# Alternanthera reineckii mini is too high



## hunti (Feb 11, 2019)

Hello,

I have a long term problem with Alternanthera reineckii mini, which still grows high and does not form low bushes.

*Tank size:* 90x40x40cm, 144l

*Water parameters:*
temperature 26C
NO2 - 0
NO3 - 10
Fe 0,1
dGH 7
PO4 (Phosphorus) 0
pH 6,5

*Substrate* is something like Amazonia

*Lighting* 1x Chihiros LED A serie 90-110 cm 55W A901

Can you give me some idea where the problem is?

Thank you.


----------



## iamaloner (Jul 10, 2017)

I'm not an expert
But the light is probably not intense enough or that is not AR mini

Sent from my SM-G955W using Tapatalk


----------



## Starwarsfan (Aug 12, 2018)

I too would agree you may not have enough light and its causing them to stretch. AR, AR mini and AR variegated all stay quite short for me. I run high light to possibly very high light.


----------



## hunti (Feb 11, 2019)

Can you recommend which light intensity would be optimal?


----------



## iamaloner (Jul 10, 2017)

Well it's probably the par output that's not great with the light.
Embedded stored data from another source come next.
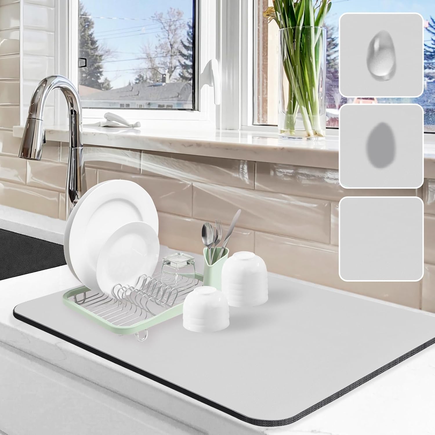 Dish Drying Mat for Kitchen Counter, 16"x24" Dish Drying Pad with Non-slip Rubber Backed, Hide Stain Anti Absorbent for Kitchen Counter, Drying Mat for Coffee Machine Dish Rack (Light Grey)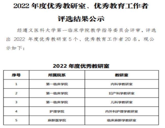 祝贺儿科教研室获得2022年威廉希尔williamhill“优秀教研室”,田茂强获得“优秀教育工作者”!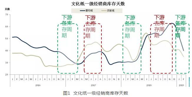 需求回升,進(jìn)入新一輪備庫周期 1、傳統(tǒng)旺季來臨 傳統(tǒng)出版旺季到來,3月~4月招標(biāo)全面開始,4月~6月印廠開始會(huì)陸續(xù)啟動(dòng)進(jìn)貨流程,教材用紙消化掉紙廠的很大一部分產(chǎn)能,短期內(nèi)市場供應(yīng)量有限,因此市場具備有漲價(jià)的可能性。 2、渠道庫存消化殆盡 經(jīng)過2018年底的一輪調(diào)整,目前渠道商和終端用戶的庫存已經(jīng)消化殆盡,下游去庫存的周期基本完成,將進(jìn)入新一輪的備庫周期,存在補(bǔ)庫的剛性需求,同時(shí)紙廠也需要漲價(jià)彌補(bǔ)產(chǎn)能不足造成的損失。如圖1。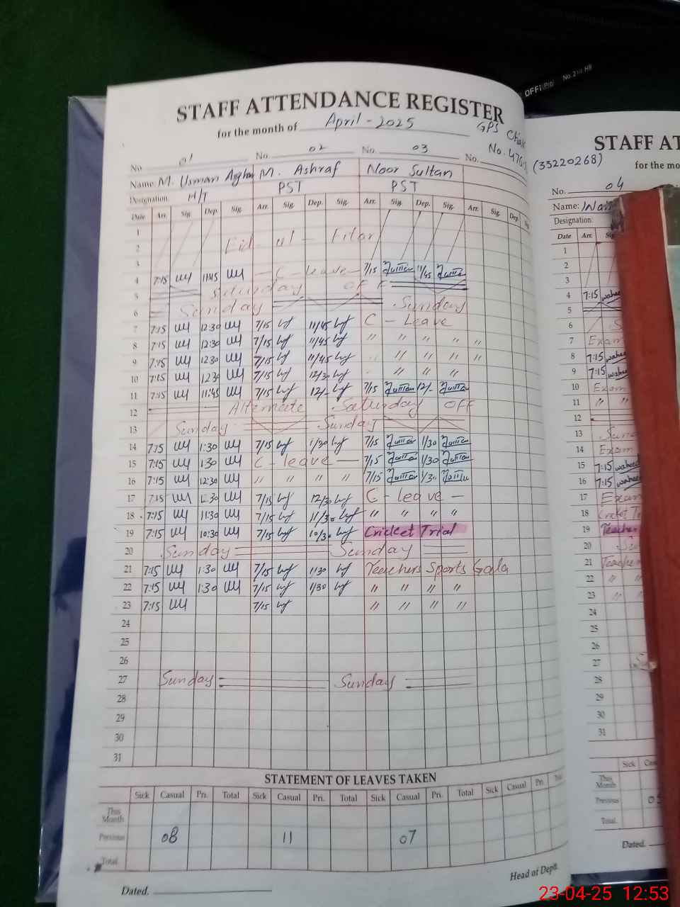 | 33**** | Wa**** As**** | 1 | 2 | 11 | 0 | 0 | 0 | 0 | 0 | 0 | 2 | Absent (Un-Authorized) | |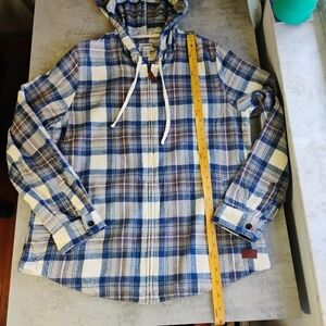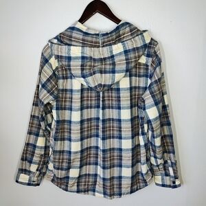 LL Bean Scotch Plaid Flannel Shirt Relaxed Fit Zip Hoodie Granola Size Small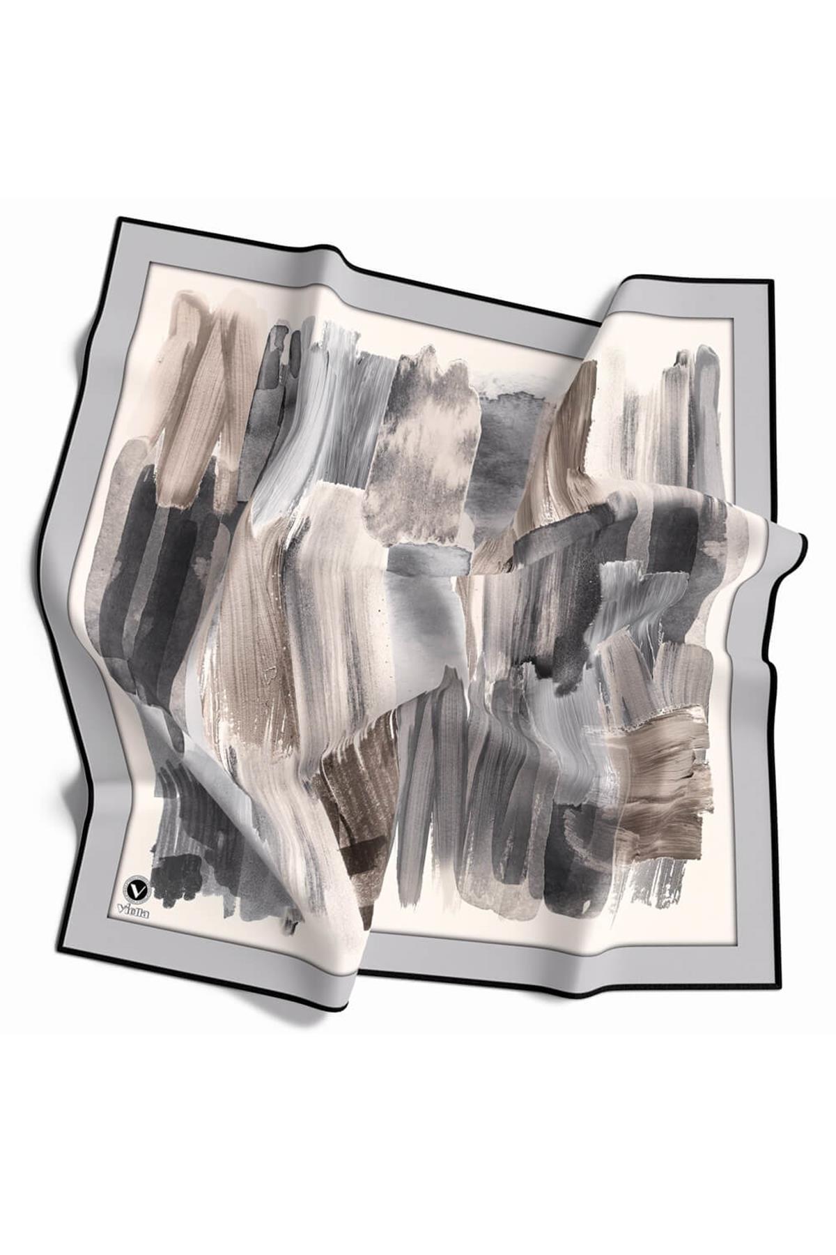 Twill Fırça Darbesi Desenli Gri Renkli 90x90 Eşarp (İpek İçermez) Kenar Dikiş Şekli El Dikişli (DGN51819-7)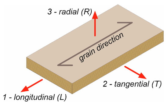 Three main material directions: 1—longitudinal (L), 2—tangential (T), and 3—radial (R).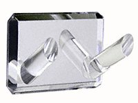 Polished Bevel Edges This CRL Acrylic Mirrored Robe Hook is available in both single and double hook configurations. There are no holes to drill, simply peel off the protective paper backing and apply directly to the mirror or glass surface. Color: Clear Width: 3 -1/2 in (88.2 mm) Height: 1-7/8 in (47.6 mm)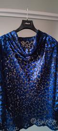 Capo con rifiniture di prestigio, collo a goccia con pesetto per mantenere sempre la forma. Il tessuto è composto da velluto blu cobalto e cotone trasparente nero. Maniche terminanti con 2 bottoncini e strass. Taglia 44/46. La blusa scende morbida e con ottima vestibilità..Disponibile per chiarimenti.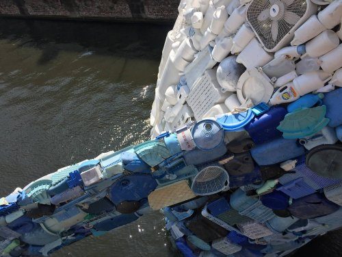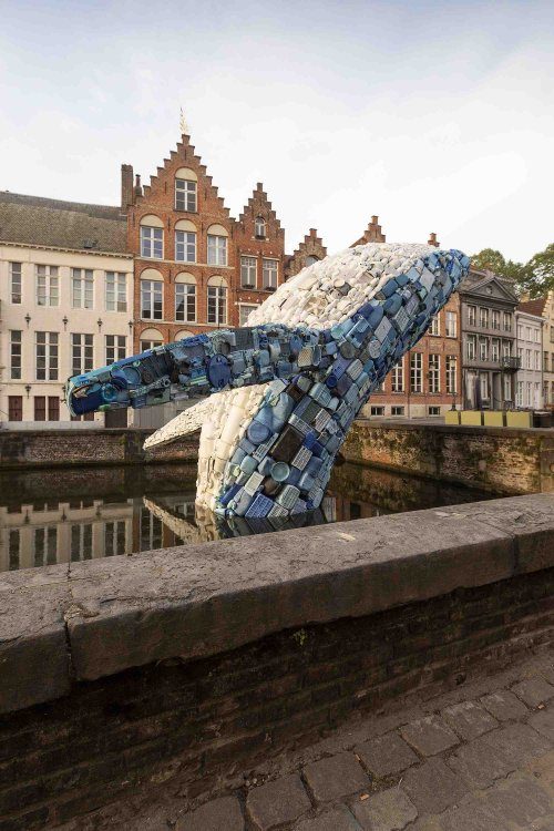 В рамках фестиваля современного искусства и архитектуры Bruges Triennial, который каждые три года организуется в историческом центре Брюгге, Бельгия, бруклинская архитектурно-дизайнерская компания STUDIOKCA создала скульптуру кита высотой почти 12 метров, состоящую почти из 5 тонн пластиковых отходов, извлечённых из вод Тихого и Атлантического океанов.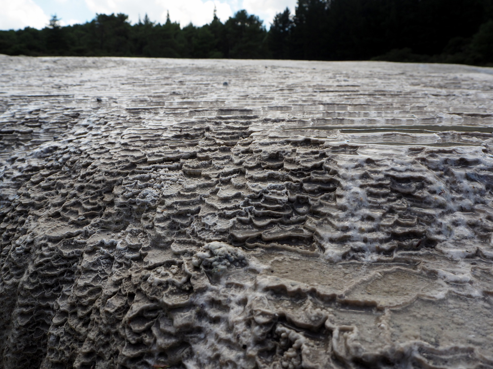 Détail de la « primrose terrace » ou la silice présente dans les eau thermales vient se déposer en terrasses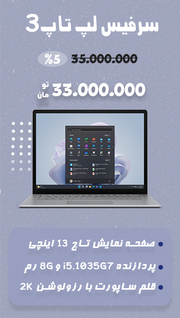سرفیس لپ تاپ 3 نقره ای Surface Laptop3-13 i5/8/256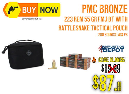 Limited Time DealGet 200 rounds of dependable PMC Bronze .223 plus a rugged Rattlesnake Tactical pouch marked down to $87.11 with code ALand5. That is 43¢ per round. Top Features200 Rounds of PMC Bronze .223 Rem 55gr FMJ-BT (10 boxes)Reloadable brass casings for smooth feeding & easy reloadingBoat-tail FMJ bullets for consistent accuracy2900 FPS muzzle velocity / 1250 ft-lbs energyIncludes Rattlesnake Tactical Ammo Pouch (8.5″ x 6″ x 6″) w/ American Flag PVC patchWhy Shoote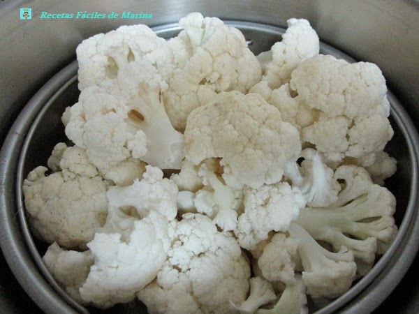 1. Se corta la coliflor y se hierve con abundante agua y un poco de sal durante 20 minutos en olla normal o 7 si es en olla rápida. Escurrir y reservar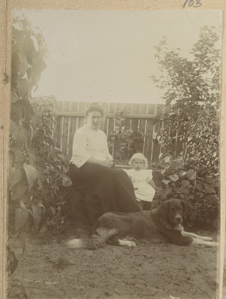Sieviete ar bērnu un suni mājas pagalmā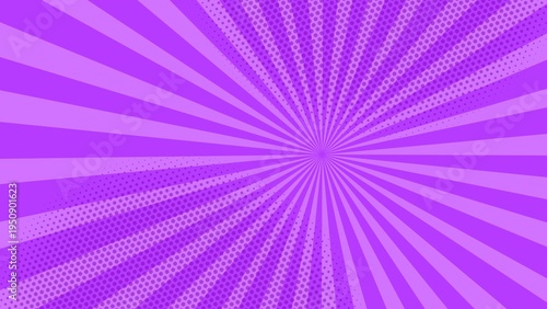 Cute cartoon comic abstract background of purple gradient sun rays with halftone dot element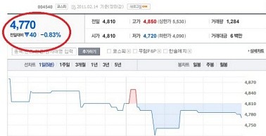 포털사이트에 등재된 A회사의 주가지수를 살펴보면 실제로 주가가 전일대비 0.83% 하락, 현재가 4770원을 유지하고 있는 것으로 나타났다.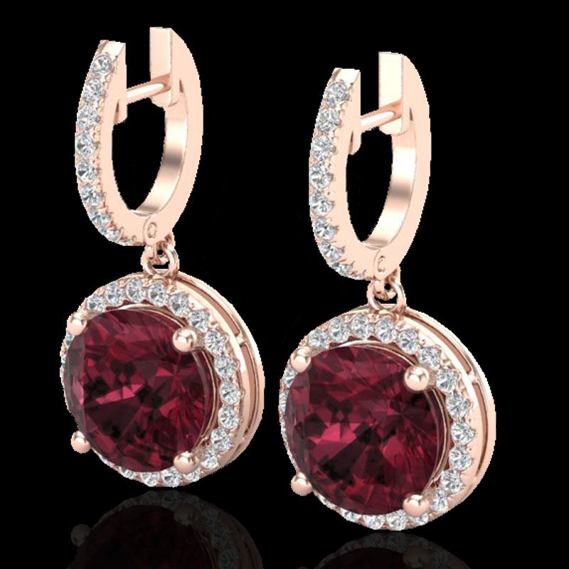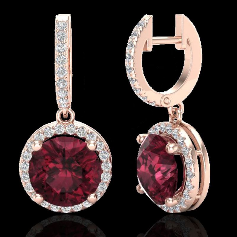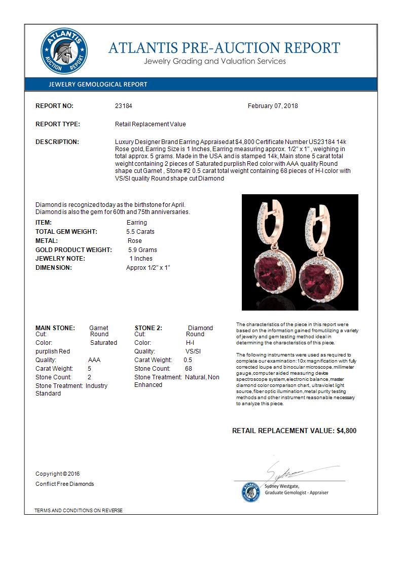 REF-72N8Y -23184 ---- 5.50 CTW Garnet & Micro Pave VS/SI Diamond Designer Halo 14K Rose Gold ---- Luxury Designer Brand Earring Appraised at $4,800 Certificate Number US23184 14k Rose gold, Earring Size is 1 Inches, Earring measuring approx. 1/2" x 1" , weighing in total approx. 5 grams. Made in the USA and is stamped 14k, Main stone 5 carat total weight containing 2 pieces of Saturated purplish Red color with AAA quality Round shape cut Garnet , Stone #2 0.5 carat total weight containing 68 pieces of H-I color with VS/SI quality Round shape cut Diamond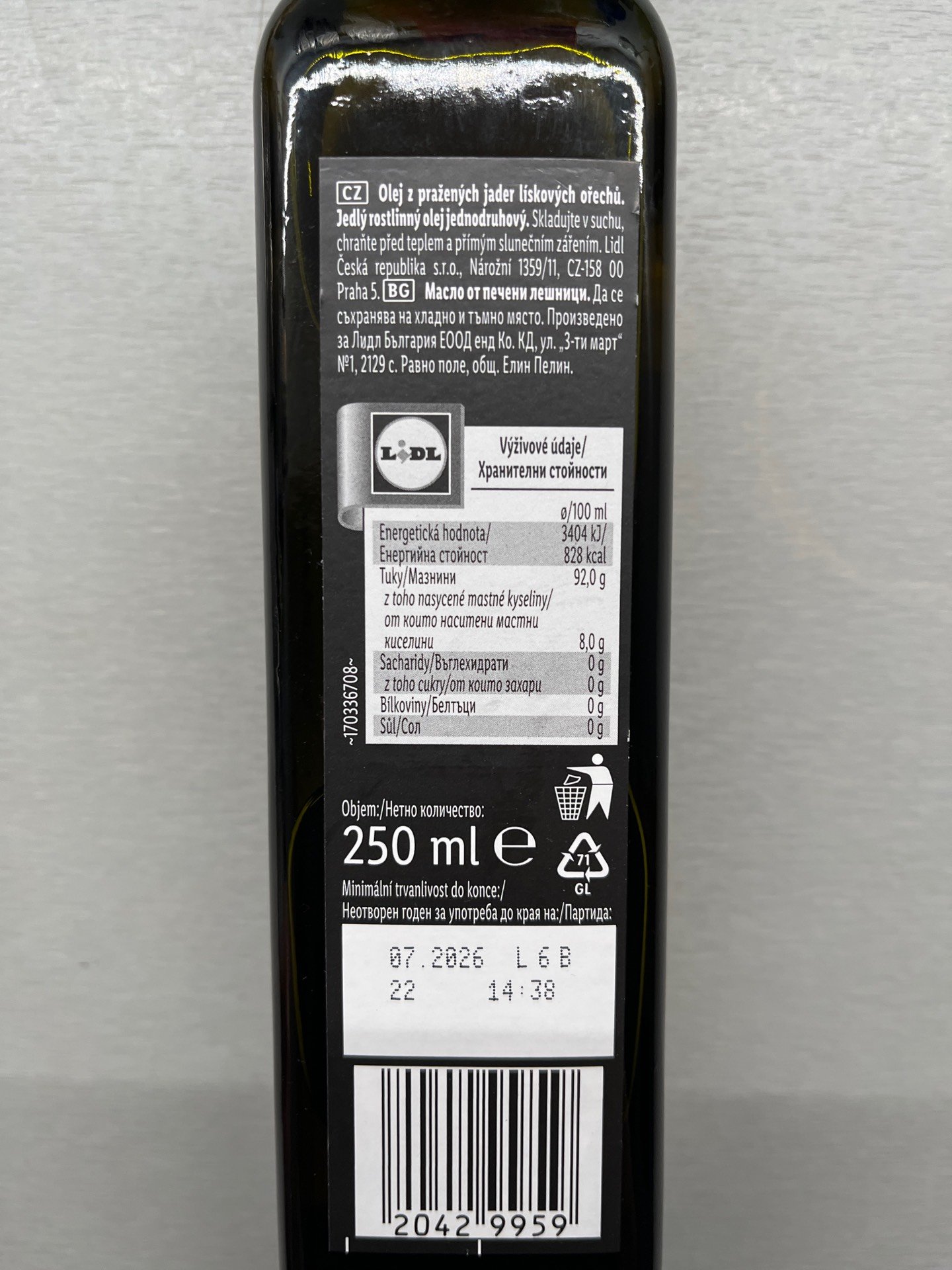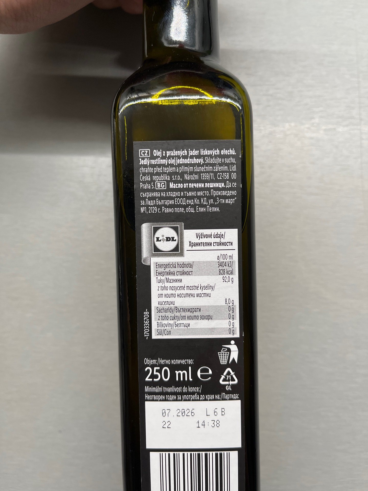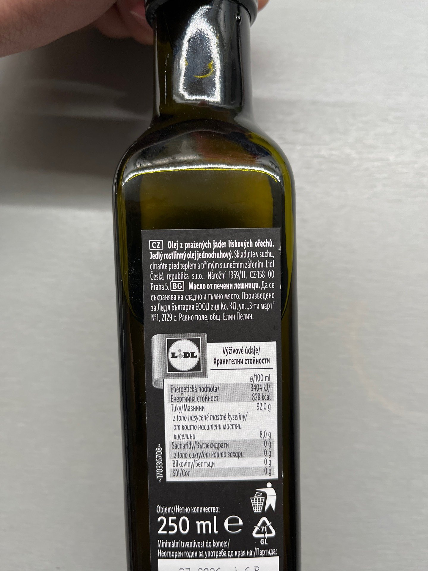 Olej z pražených jader lískových ořechů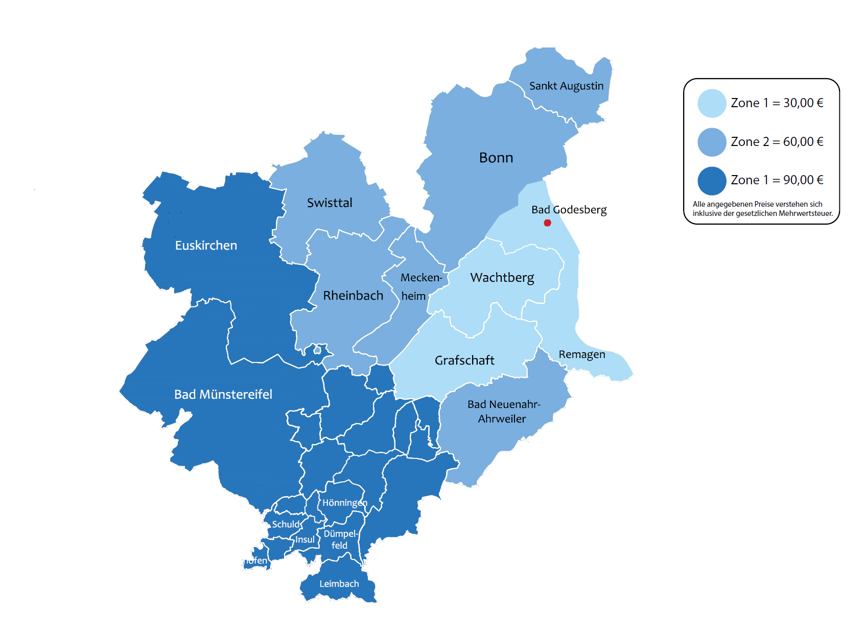 Die Kosten betragen pro 15 Minuten Arbeitseinheit 30,00 € inklusive Mehrwertsteuer die Anfahrt wird gemäß Ihres Ortsteils wie folgt berechnet:

I would suggest being happy with what you presently have as the rest of the plants look very healthy. Otherwise it's a 300$ upgrade atleast just for one particular plant and it's not worth it 
I used ecotech radions xr15fw that cost 500 new and I have 3 over my 150gallon. I got then used for a good deal and even they cant grow some of the most demanding plants 

Sent from my SM-G955W using Tapatalk


----------



## [email protected] (Apr 8, 2019)

Trimming back and replanting is the secret with the reineckii mini. If you keep on doing this long enough you will end up with a nice low bushes. At least thats what they told me


----------



## hunti (Feb 11, 2019)

[email protected]: I have already cut several times and always pulls up and the leaves are very thin and small.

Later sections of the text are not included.